I rischi e le opportunità sono state esplorate in sessioni di lavoro molto interattive. I partecipanti hanno raccontato di aver raccolto spunti interessanti per avviare azioni pratiche sia a livello di fondazione che per le associazioni nazionali sul come  supportare le fondazioni associate”.

A corollario delle sessioni di lavoro, il programma dell’evento – organizzato dal venture philanthropy and social impact fund  Wonderful Italy[2] – ha proposto una serie di visite per conoscere luoghi e programmi che rappresentano esempi di innovazione nel campo sociale, culturale e ambientale del territorio palermitano: Palazzo Butera, modello di mecenatismo che sperimenta filantropia e impact investing in chiave sociale e culturale;  l’ECOMUSEUM Mare memoria viva, spazio di cultura e partecipazione dedicato al rapporto tra la città e il suo mare supportato da Fondazione con il Sud; ONDE ONLUS , un’associazione di donne per produrre azioni di sistema e attività specifiche volte al contrasto del fenomeno della violenza verso le donne e bambine/i grazie al supporto di fondazioni italiane e internazionali come Kering Foundation; Addiopizzo, associazione di volontariato per la promozione di un’economia virtuosa e libera dalla mafia attraverso lo strumento delconsumo critico Addiopizzo”, sostenuta da donatori privati e fondazioni; i Cantieri Culturali della Zisa (ZAC), centro di produzione culturale per le arti contemporanee della città; TAU Center, luogo di aggregazione e interculturalità in quartieri “difficili” della città come Cipressi, Ingastone e Danisinni.
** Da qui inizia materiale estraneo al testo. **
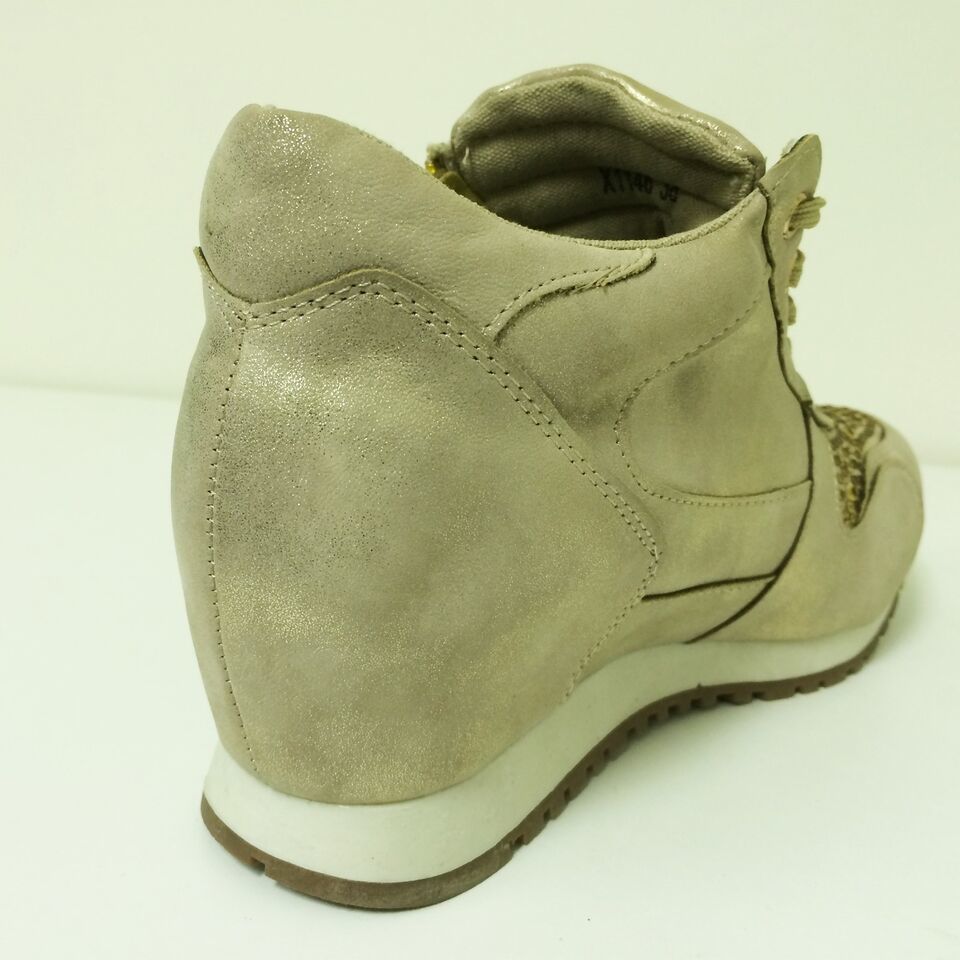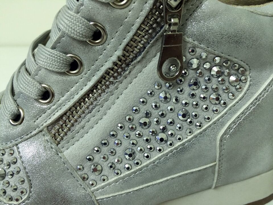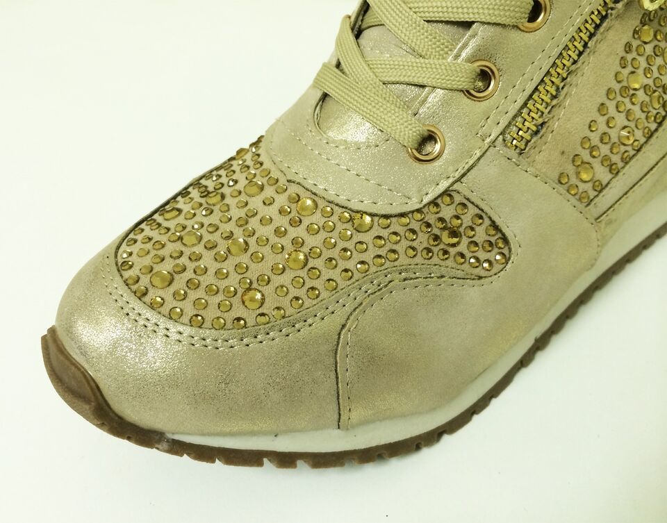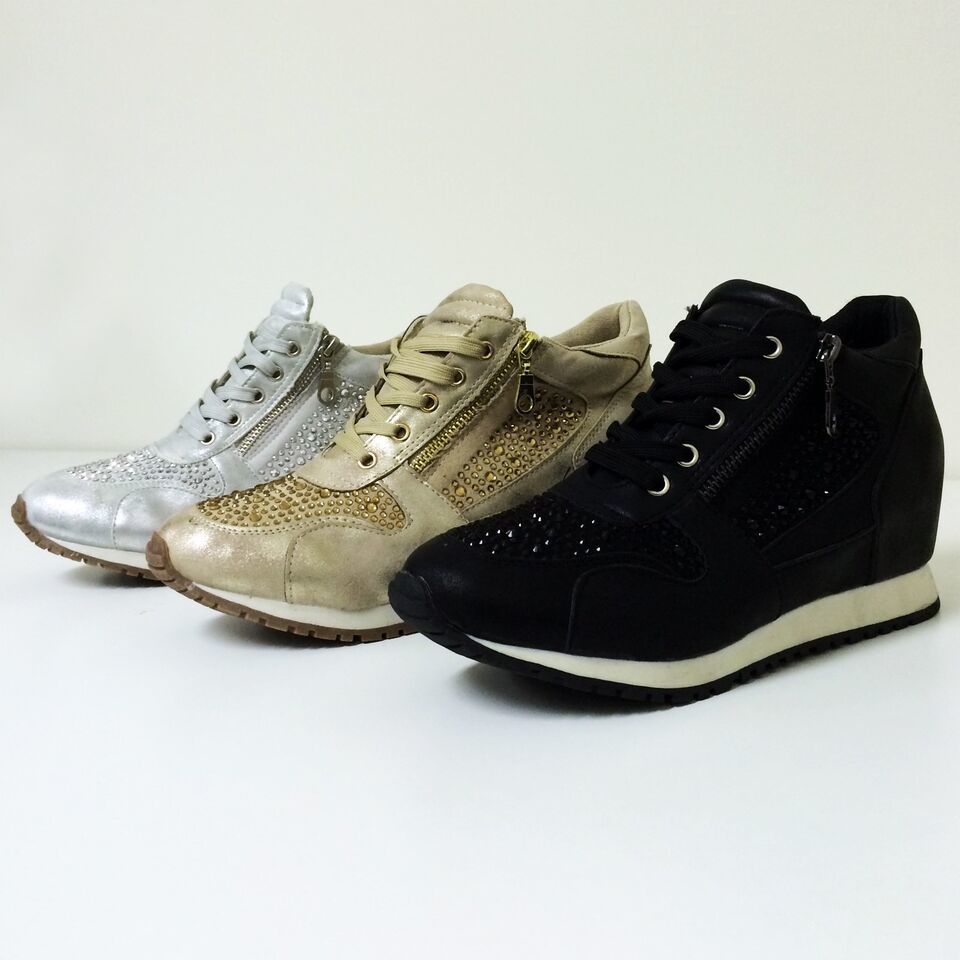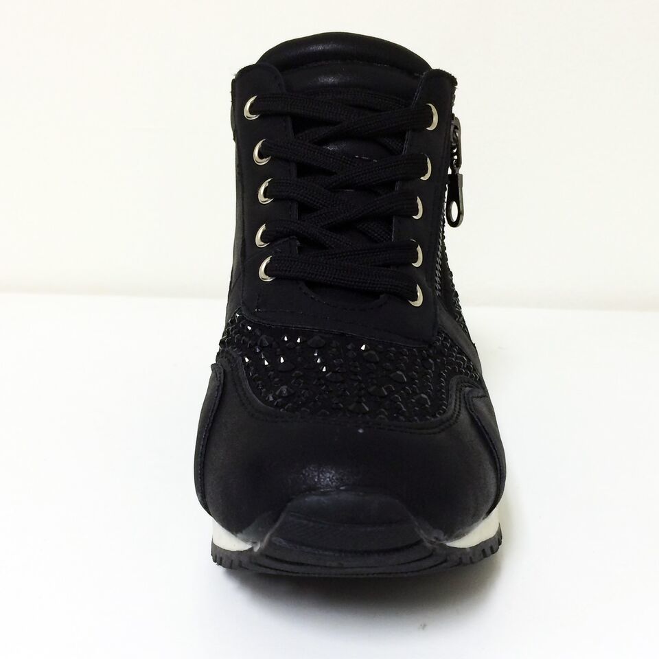 - Womens Sneakers High Top Lace Up Rhinestone Zipper Heel Hidden Wedge Boots Sizes

Come riporta James Magowan nel report post evento, fondazioni d’impresa e azienda “ognuna vede l’altra attraverso lenti differenti: l’azienda spesso ha una prospettiva della fondazione ristretta e relativamente di breve periodo, la fondazione è nella posizione di avere una prospettiva sull’azienda e sulla società più ampia e di più lungo termine. Il risultato è che le loro metriche possono non essere allineate: le aziende richiedono dati quantitativi e valutano i volumi, le fondazioni puntano a un impatto qualitativo intangibile di più amplio spettro e basato sui valori. L’allineamento, quindi, significa forse trovare un modo di “adeguare” le lenti”.

© Riproduzione riservata

[1] Belgio, Finlandia, Francia, Germania, Italia, Paesi Bassi, Polonia, Regno Unito, Spagna, Svizzera, Ungheria. 25 le fondazioni corporate italiane.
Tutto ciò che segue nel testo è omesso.